I haven't got a strong opinion but if the only exception would be the platform API, particularly if it sometimes needs to know which version to do things on (e.g. during update processes) then it might make sense to have them work in different ways. (i.e. WET )

could/should we re-use the platform-nginx for this proxying?

I did consider this a bit but I personally thought this was a bit scary since this would then be a route for public traffic to get to the "magic" backend.

@Tarrow Good points, thanks for the input!

@Ollie.Shotton_WMDE, @dang and me just discussed this a bit and want to see if it works out to:

  1. Refactor the Platform API where the env var gets used to a version lookup
  2. Use a proxy for everything else (the tools) - with attention to not make it publicly accessible

The PLATFORM_MW_BACKEND_HOST env var is used in Laravel Jobs and one Command in the Platform API code.

Jobs:

Command:

  • RebuildQueryserviceData

I'll create a PoC helper similar to IngressController::getWikiVersionForDomain and use it in one of the jobs.

Currently, PLATFORM_MW_BACKEND_HOST is either mediawiki-139-app-backend.default.svc.cluster.local or mediawiki-143-app-backend.default.svc.cluster.local. The version in the WikiDb model is either mw1.39-wbs1 or mw1.43-wbs1. So instead of being passed a single PLATFORM_MW_BACKEND_HOST env var, the Platform API needs a map of database version to mediawiki backend host (I think it would be bad practice to hardcode this mapping).

This could be an env var that contains some JSON, but this feels a bit hacky. What's the k8s way of doing this? Use a ConfigMap to mount a JSON/YAML file with this mapping?

Currently, PLATFORM_MW_BACKEND_HOST is either mediawiki-139-app-backend.default.svc.cluster.local or mediawiki-143-app-backend.default.svc.cluster.local. The version in the WikiDb model is either mw1.39-wbs1 or mw1.43-wbs1. So instead of being passed a single PLATFORM_MW_BACKEND_HOST env var, the Platform API needs a map of database version to mediawiki backend host (I think it would be bad practice to hardcode this mapping).

This could be an env var that contains some JSON, but this feels a bit hacky. What's the k8s way of doing this? Use a ConfigMap to mount a JSON/YAML file with this mapping?

So far we put application config in here mostly I think: https://github.com/wbstack/api/blob/main/config/wbstack.php

Personally it'd be comfortable if the mapping logic would live in it's own Helper class or something similar.

I think so far the mapping only lived in the platform-nginx config, maybe we could even benefit there if the IngressController would also already do the mapping, so we only map on the Platform API side.

Thanks for that info.

Personally it'd be comfortable if the mapping logic would live in it's own Helper class or something similar.

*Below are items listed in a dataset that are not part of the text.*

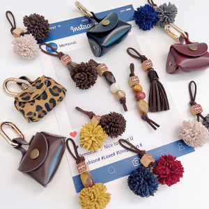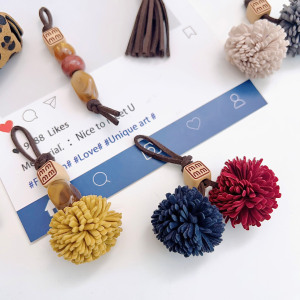 秋冬MIU系美拉德双色流苏花球鞋挂鞋扣德训鞋穆勒鞋DIY鞋上装饰扣
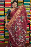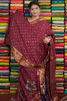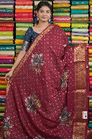 Georgette Crepe Checks And Flower Design Marron Red Saree
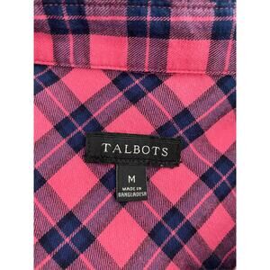 Talbots Womens Plaid Button Up Shirt Long Sleeve Collared Pink M Medium
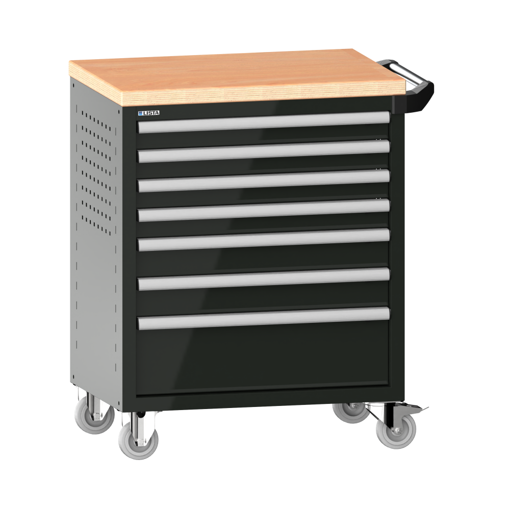 thanks to the smooth-running fixed and swivel castors (two of each) in solid rubber
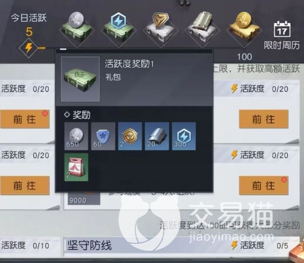 在所有的日常任务中还有一个叫做活跃度的玩法,大家若是来到该页面就可以看到底下有许多任务,大家要是将这些对应的任务完成之后,就能获取许多活跃度,等它们达到一定数值后,还能领取对应奖励礼包了,每天获取的活跃度越多的话,礼包里面的东西也会更好,而终极礼包里面还有机会获得大量金币哦。
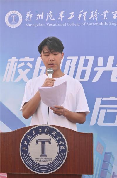 接下來,新能源2308班馮涵禹同學代表學生發(fā)言宣誓。

That would mean we have to update the Platform API code before we can do a MediaWiki update. This is probably okay for now, but if we want to reduce the steps required to do a MW update then I think this should be some sort of config that can be updated from wbaas-deploy rather than hard coded in the Platform API.

I think so far the mapping only lived in the platform-nginx config, maybe we could even benefit there if the IngressController would also already do the mapping, so we only map on the Platform API side.

Having the mapping in a single place seems sensible - I'll create a follow-up task to look into this if the mapping does move to the Platform API.

I pushed a draft PR with what I tried so far: https://github.com/wmde/wbaas-deploy/pull/2295
I basically just copied the platform-nginx deployment so I can observe what happens when I point tools to it. I get a gate way timeout after 3 minutes but I don't even see anything in the logs (neither of the proxys nor the tools pod logs).

Also it seems PLATFORM_MW_BACKEND_HOST gets only used via magnustools in widar and quickstatements: https://github.com/wbstack/magnustools/blob/e3ddd872410e3d25cec63c5d646ba8cdd9a813ae/public_html/php/WbstackMagnusOauth.php#L107
and I kind of wonder if we can just use the wiki domain here, so we can reuse the routing that is already in place?

I kind of wonder if we can just use the wiki domain here, so we can reuse the routing that is already in place?

I don't think so; remember this needs to contact the special, magic non-public endpoint (the "backend" one) to get the OAuth consumer for the tool to use

I kind of wonder if we can just use the wiki domain here, so we can reuse the routing that is already in place?

I don't think so; remember this needs to contact the special, magic non-public endpoint (the "backend" one) to get the OAuth consumer for the tool to use

You seem to be right, but I don't understand why :P Isn't the point of OAuth that it can happen across two different sites? But yeah I quickly tried that approach and it didn't work, so I didn't look into it much further.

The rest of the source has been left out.